I believe we tell our stories to make meaning of our experiences, release ourselves from hurts, gain or share a perspective, to seem less alone and also to evolve and grow beyond those stories. As we tell our stories, we experience transformation, awareness and give others the opportunity to see the world through our lens. Through storytelling, we foster a spirit of empathy, understanding and gain new insights and perspectives into the experiences of others.
But telling our stories isn’t always easy and telling our stories when we have not healed from them, especially the loaded, soul-stirring ones. Putting pen on paper to face our fears, past and shortcomings can be cathartic.
Author Brene Brown says:
Our job is not to deny the story, but to defy the ending—to rise strong, recognize our story, and rumble with the truth until we get to a place where we think: Yes, this is what happened. This is my truth. And I will choose how this story ends.
So we lean into the discomfort and tell our stories. We can always put them on paper and empty the things we carry. We lean into it and re-live the tough emotions, because oftentimes, the best way through something is to go through it, fully engaged. No short-cuts. No quick fixes, but going through, immersed and totally involved.

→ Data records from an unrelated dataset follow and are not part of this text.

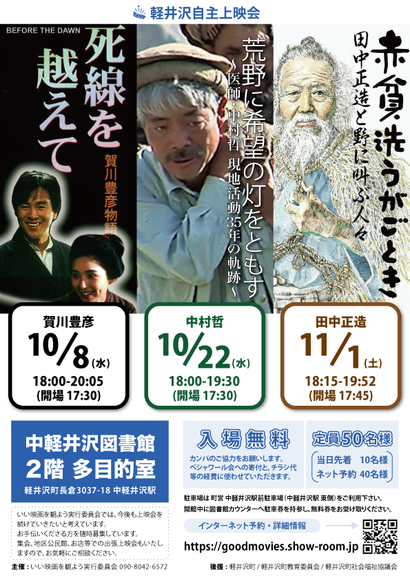 10月・11月は、賀川豊彦さん、中村哲さん、田中正造さんの映画を上映します!
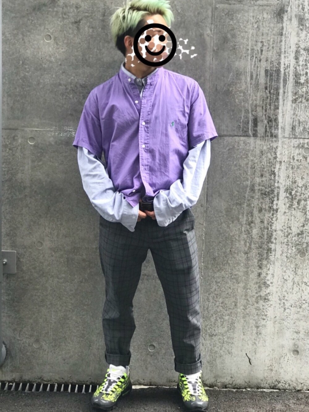 モデル:ひさ🚂 テーマ:ダブルシャツ👔👔 テーマの通り2種類のシャツを使ったコーデです! ビックシルエットの青のワイシャツはタックインをして上から紫の半袖ワイシャツを着てきっちりとまとめてみました☺︎ 全体の色を寒色でまとめて統一感を出してみました 髪色との相性はGOODです👍
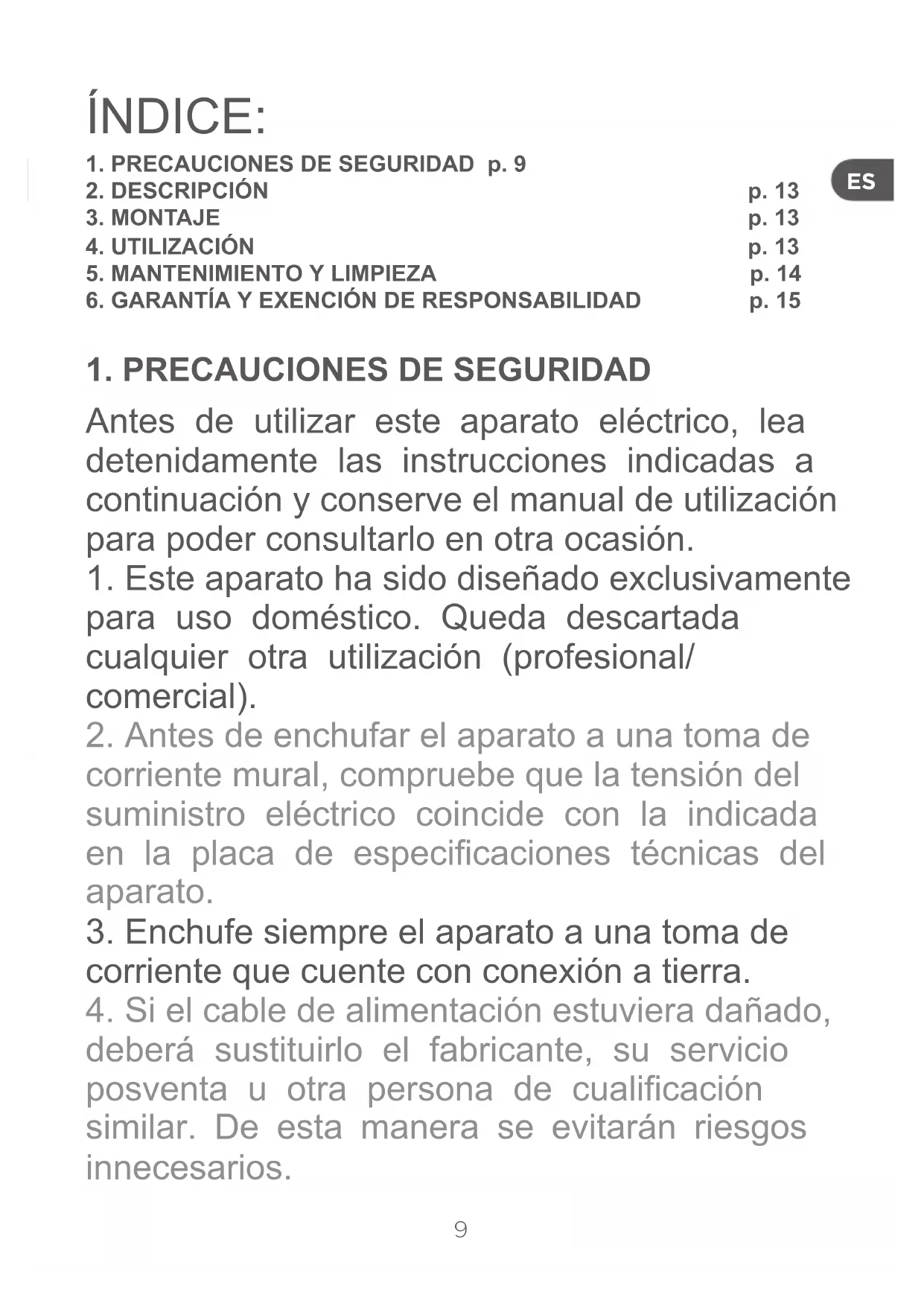 1. PRECAUCIONES DE SEGURIDAD p. 9
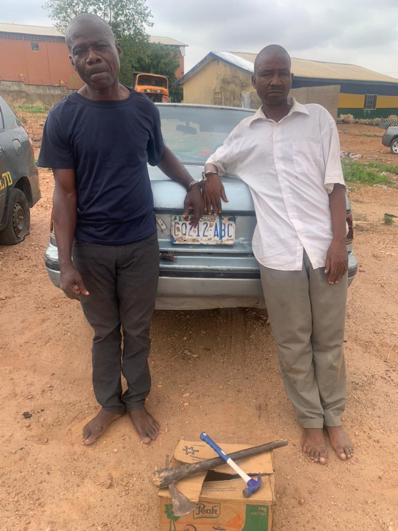 “Items recovered from the suspects include a Toyota carina II vehicle with registration number Abuja CO 212 ABC, one Axe and Hammer”.
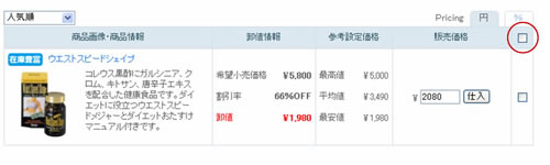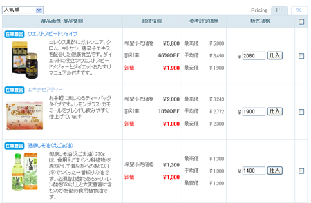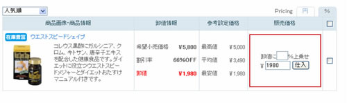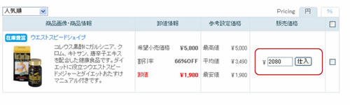仕入れたい商品が決まったら、商品レコードの「販売価格」の部分に金額を入力できるテキストエリアがあるので、その部分に販売価格(実際にコンシューマに提示して販売する最終販売価格)を入力して、【仕入】ボタンをクリックします。

It’s so easy to anesthetize our pain with new relationships, drugs, alcohol, recreation and other forms of distraction. Perhaps it’s time to take a different approach. Maybe we need to journey through or stories and lean into the initial discomfort we may experience from facing them. Today I invite you to give voice to the stories within. Grab a pen and some paper and write about the things that keep you up at night, the things that tug at the strings of your heart, the things that are painful, confusing or joyful. Let’s journey through these stories, fully invested, hearts broken. Numbing and quick fixes never work. Let’s try something new. Amazing things happen when we put pen to paper and write from a place of truth.